**REQUIRED WORK:** Would you write out the lines below exactly, from the one containing "(mostly) not robots." to the very last, but without the pictures?

**DATA BELOW:**

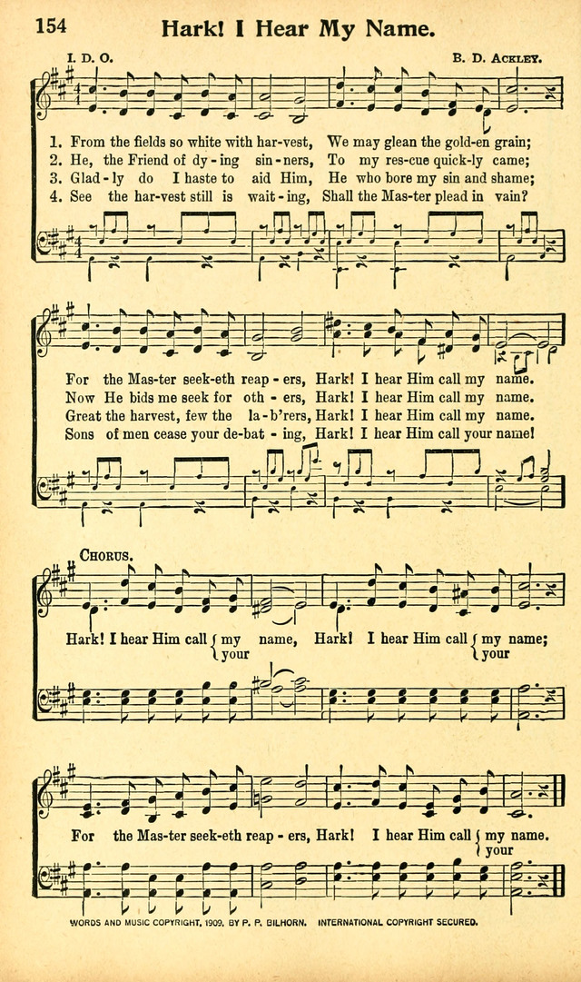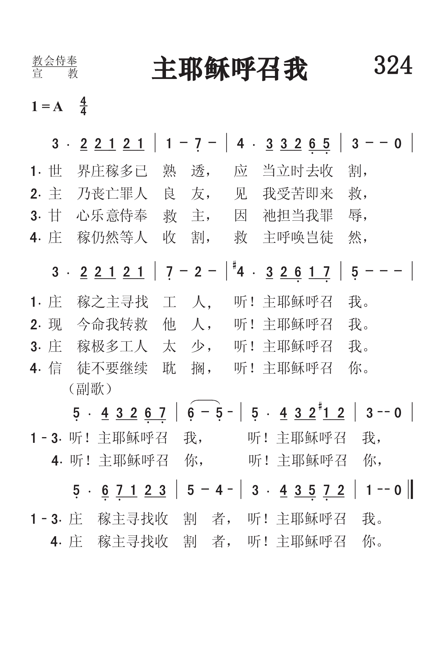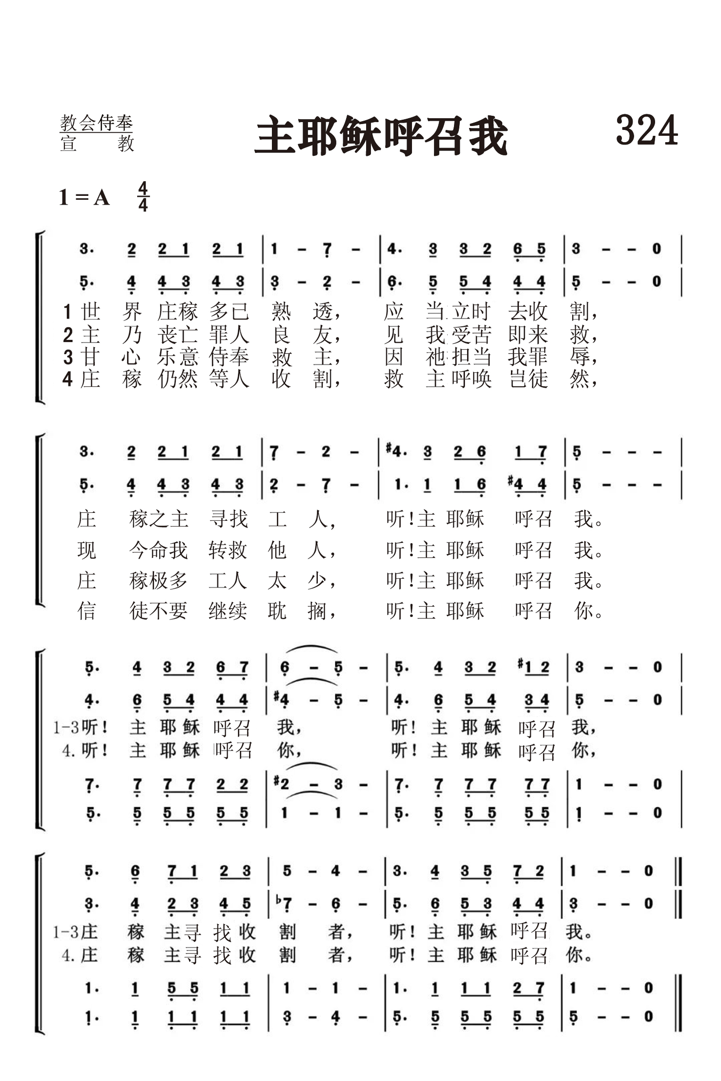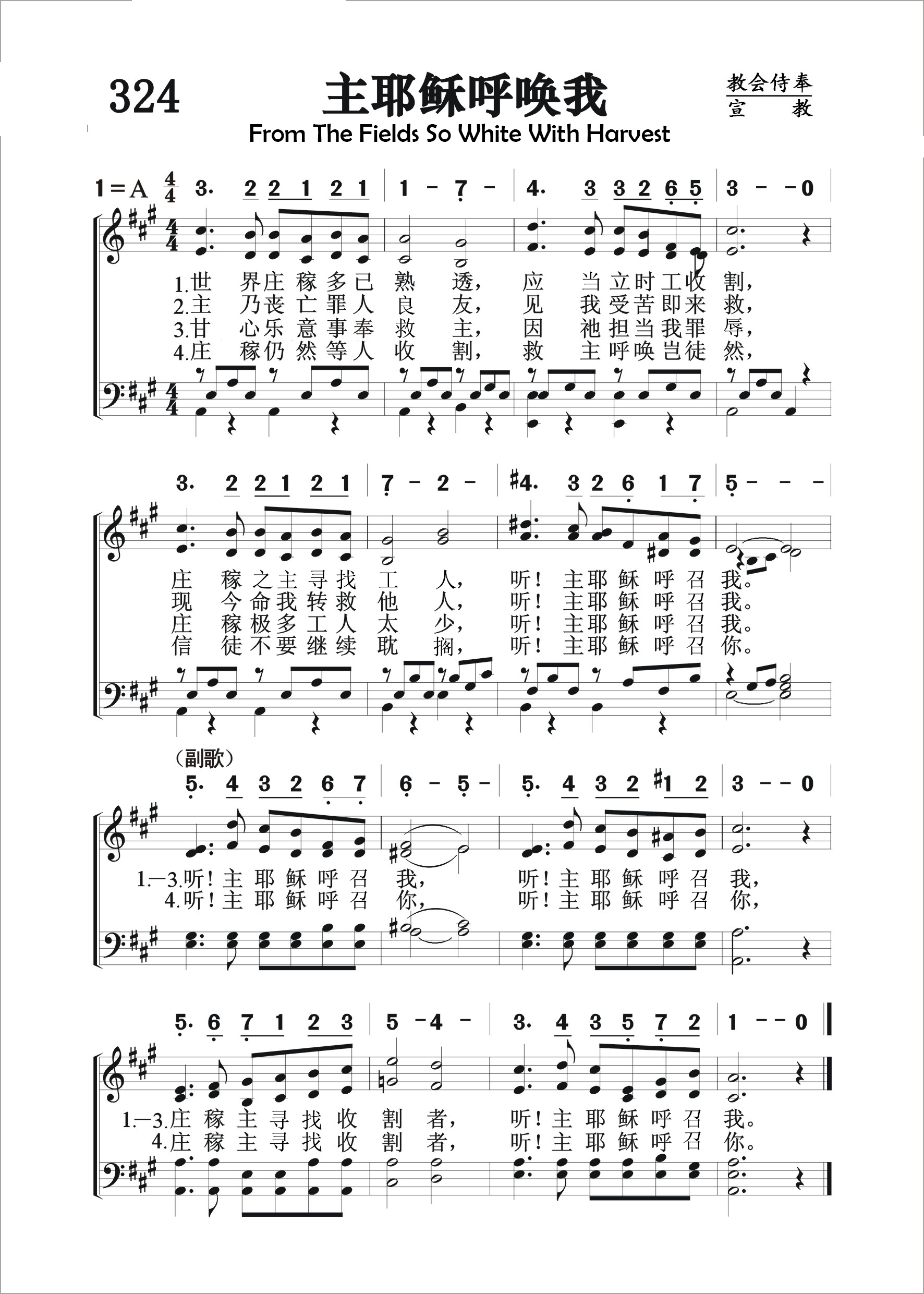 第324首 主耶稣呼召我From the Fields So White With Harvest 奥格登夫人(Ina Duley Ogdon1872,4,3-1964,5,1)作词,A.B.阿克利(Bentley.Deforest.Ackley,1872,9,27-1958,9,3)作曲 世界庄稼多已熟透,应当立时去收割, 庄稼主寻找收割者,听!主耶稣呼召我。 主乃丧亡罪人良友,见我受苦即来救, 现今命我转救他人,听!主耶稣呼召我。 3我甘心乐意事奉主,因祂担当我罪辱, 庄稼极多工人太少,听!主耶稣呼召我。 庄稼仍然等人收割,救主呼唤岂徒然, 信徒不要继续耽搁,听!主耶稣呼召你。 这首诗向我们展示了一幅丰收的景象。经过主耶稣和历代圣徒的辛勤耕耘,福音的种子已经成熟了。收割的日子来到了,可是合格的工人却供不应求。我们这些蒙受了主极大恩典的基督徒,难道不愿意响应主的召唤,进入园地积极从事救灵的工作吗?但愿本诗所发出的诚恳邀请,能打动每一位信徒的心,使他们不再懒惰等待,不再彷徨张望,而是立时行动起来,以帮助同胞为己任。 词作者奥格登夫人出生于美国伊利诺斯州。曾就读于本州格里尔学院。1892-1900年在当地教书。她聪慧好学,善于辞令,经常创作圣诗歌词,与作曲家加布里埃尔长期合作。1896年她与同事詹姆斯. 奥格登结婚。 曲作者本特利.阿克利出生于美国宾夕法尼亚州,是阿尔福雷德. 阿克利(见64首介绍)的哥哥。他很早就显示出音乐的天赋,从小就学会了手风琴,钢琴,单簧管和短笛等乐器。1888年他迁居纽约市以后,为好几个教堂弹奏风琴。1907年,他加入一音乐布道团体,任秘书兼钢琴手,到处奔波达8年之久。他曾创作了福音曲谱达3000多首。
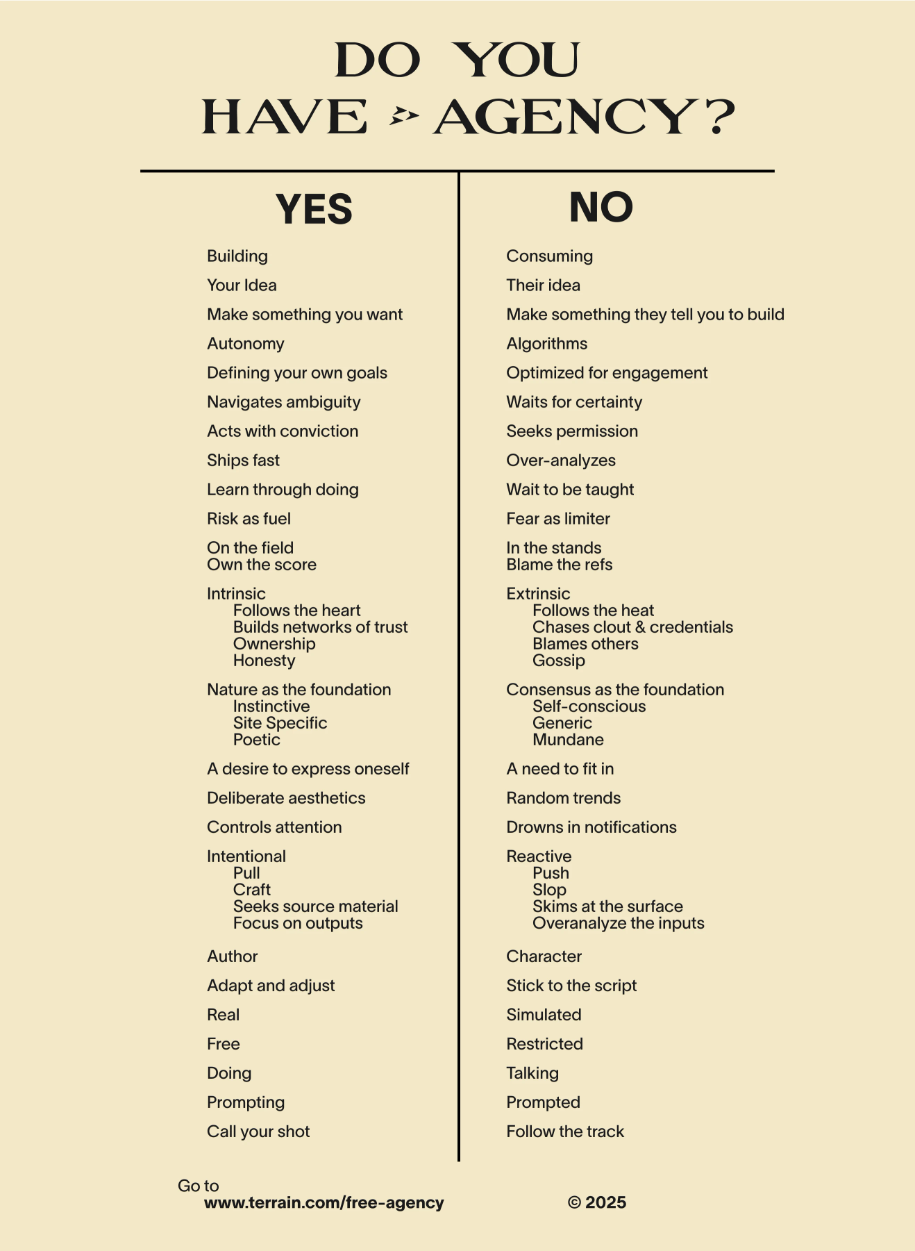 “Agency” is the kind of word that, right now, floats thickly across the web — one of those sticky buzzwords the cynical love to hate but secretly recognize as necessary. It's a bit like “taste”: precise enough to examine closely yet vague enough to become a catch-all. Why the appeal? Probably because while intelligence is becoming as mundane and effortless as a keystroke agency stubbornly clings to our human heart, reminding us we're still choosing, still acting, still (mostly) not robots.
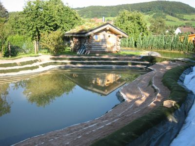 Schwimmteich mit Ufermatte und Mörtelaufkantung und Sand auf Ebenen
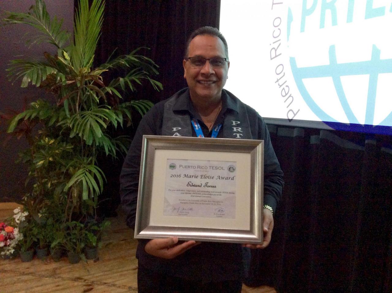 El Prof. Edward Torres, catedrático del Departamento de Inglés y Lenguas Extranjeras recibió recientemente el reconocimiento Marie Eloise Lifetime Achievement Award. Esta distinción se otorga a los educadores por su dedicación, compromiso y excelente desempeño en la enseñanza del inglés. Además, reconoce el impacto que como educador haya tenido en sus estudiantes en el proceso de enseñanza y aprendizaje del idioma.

**SOLUTION:**
 “Agency” is the kind of word that, right now, floats thickly across the web — one of those sticky buzzwords the cynical love to hate but secretly recognize as necessary. It's a bit like “taste”: precise enough to examine closely yet vague enough to become a catch-all. Why the appeal? Probably because while intelligence is becoming as mundane and effortless as a keystroke agency stubbornly clings to our human heart, reminding us we're still choosing, still acting, still (mostly) not robots.
 Schwimmteich mit Ufermatte und Mörtelaufkantung und Sand auf Ebenen
 El Prof. Edward Torres, catedrático del Departamento de Inglés y Lenguas Extranjeras recibió recientemente el reconocimiento Marie Eloise Lifetime Achievement Award. Esta distinción se otorga a los educadores por su dedicación, compromiso y excelente desempeño en la enseñanza del inglés. Además, reconoce el impacto que como educador haya tenido en sus estudiantes en el proceso de enseñanza y aprendizaje del idioma.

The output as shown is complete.